Exercise prompt —
Every entry is to be returned unchanged, and no picture is to be included.

(Data excerpts)
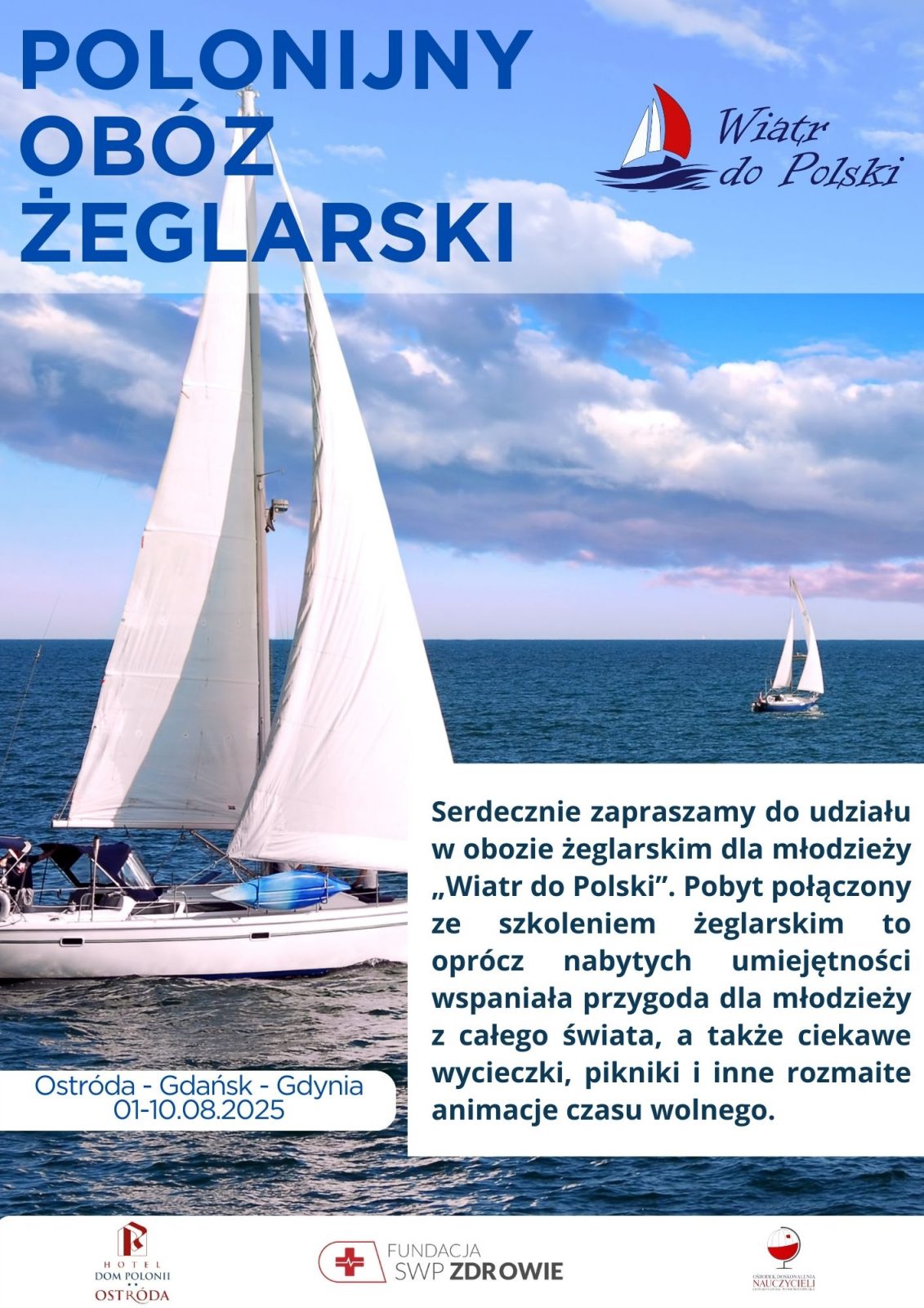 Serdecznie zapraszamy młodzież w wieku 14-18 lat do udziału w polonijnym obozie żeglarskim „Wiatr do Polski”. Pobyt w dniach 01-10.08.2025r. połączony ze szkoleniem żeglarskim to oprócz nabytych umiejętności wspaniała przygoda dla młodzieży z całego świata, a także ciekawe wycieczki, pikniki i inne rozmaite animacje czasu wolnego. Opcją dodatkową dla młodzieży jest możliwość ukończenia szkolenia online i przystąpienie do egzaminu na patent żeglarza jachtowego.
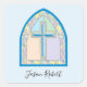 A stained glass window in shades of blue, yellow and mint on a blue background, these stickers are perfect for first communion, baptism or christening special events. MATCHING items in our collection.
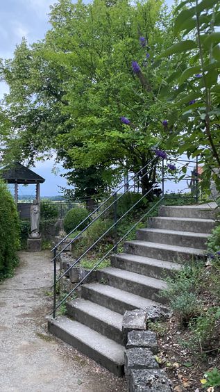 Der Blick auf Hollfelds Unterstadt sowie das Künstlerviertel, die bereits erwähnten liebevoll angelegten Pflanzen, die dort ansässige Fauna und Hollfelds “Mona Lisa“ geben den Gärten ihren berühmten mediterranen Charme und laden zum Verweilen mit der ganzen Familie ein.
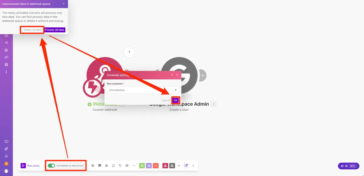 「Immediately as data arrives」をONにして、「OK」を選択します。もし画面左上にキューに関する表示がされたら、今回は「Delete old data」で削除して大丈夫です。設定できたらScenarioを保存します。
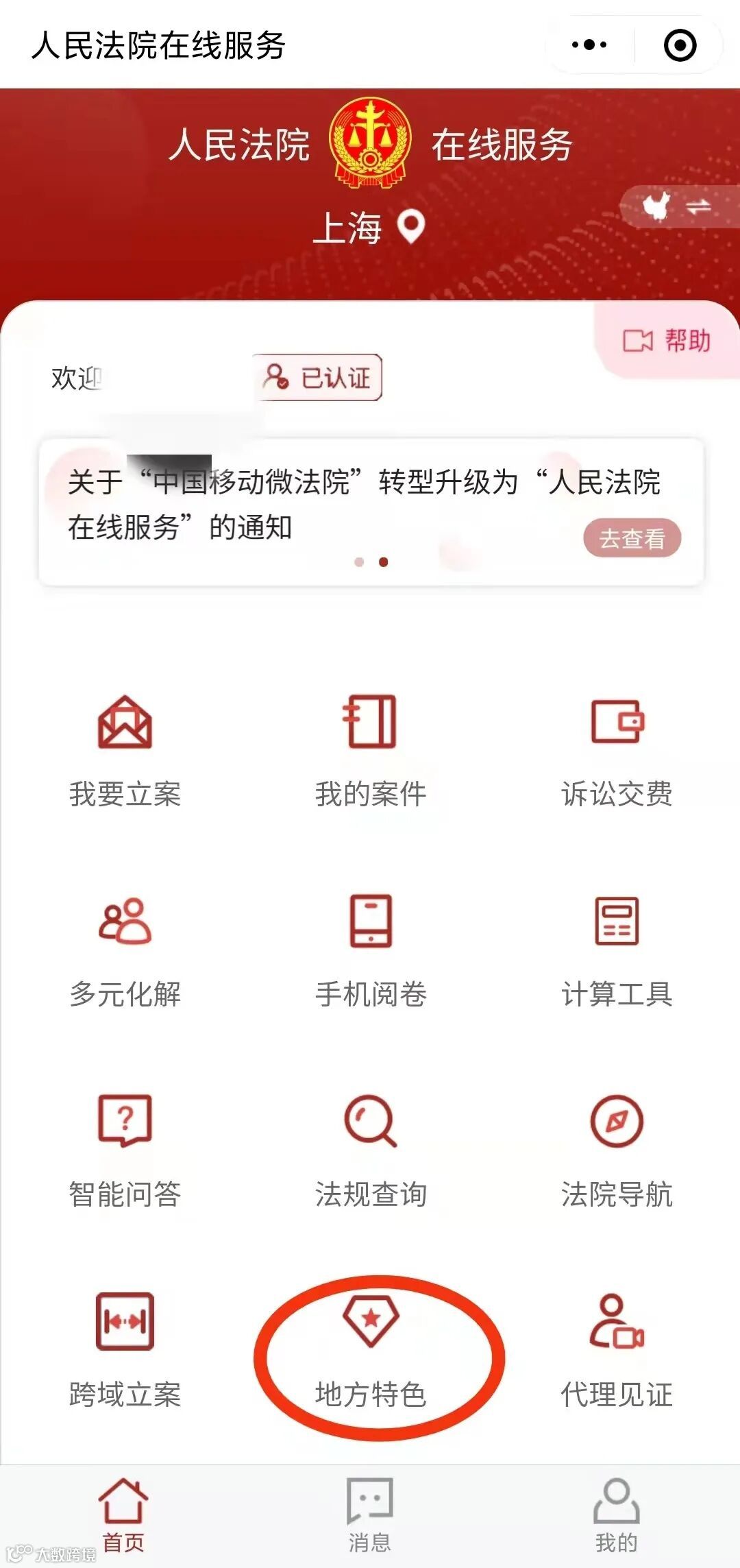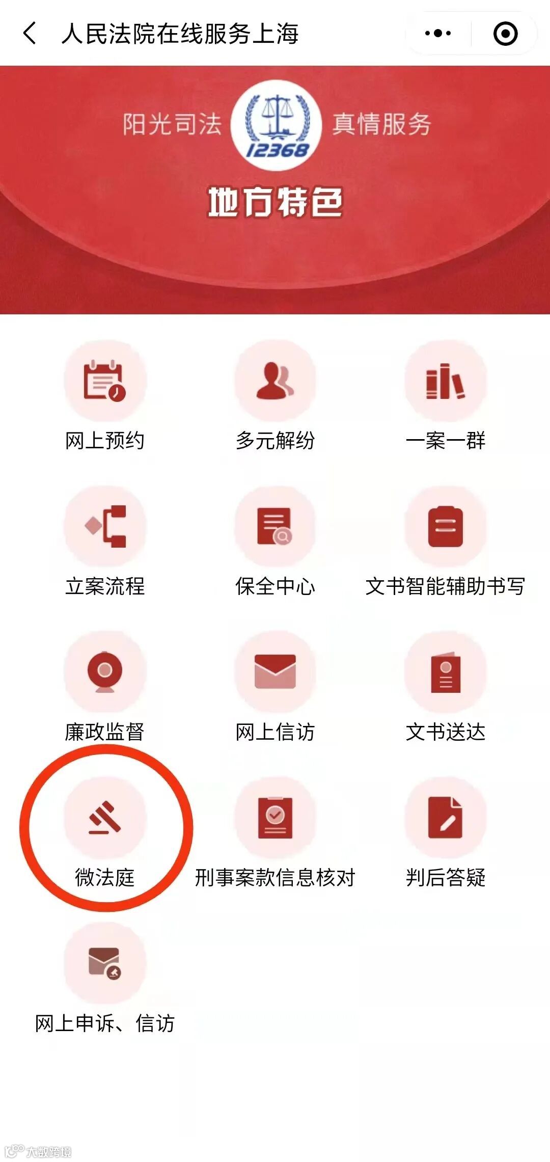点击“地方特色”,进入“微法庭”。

Solution for this exercise —
 Serdecznie zapraszamy młodzież w wieku 14-18 lat do udziału w polonijnym obozie żeglarskim „Wiatr do Polski”. Pobyt w dniach 01-10.08.2025r. połączony ze szkoleniem żeglarskim to oprócz nabytych umiejętności wspaniała przygoda dla młodzieży z całego świata, a także ciekawe wycieczki, pikniki i inne rozmaite animacje czasu wolnego. Opcją dodatkową dla młodzieży jest możliwość ukończenia szkolenia online i przystąpienie do egzaminu na patent żeglarza jachtowego.
 A stained glass window in shades of blue, yellow and mint on a blue background, these stickers are perfect for first communion, baptism or christening special events. MATCHING items in our collection.
 Der Blick auf Hollfelds Unterstadt sowie das Künstlerviertel, die bereits erwähnten liebevoll angelegten Pflanzen, die dort ansässige Fauna und Hollfelds “Mona Lisa“ geben den Gärten ihren berühmten mediterranen Charme und laden zum Verweilen mit der ganzen Familie ein.
 「Immediately as data arrives」をONにして、「OK」を選択します。もし画面左上にキューに関する表示がされたら、今回は「Delete old data」で削除して大丈夫です。設定できたらScenarioを保存します。
点击“地方特色”,进入“微法庭”。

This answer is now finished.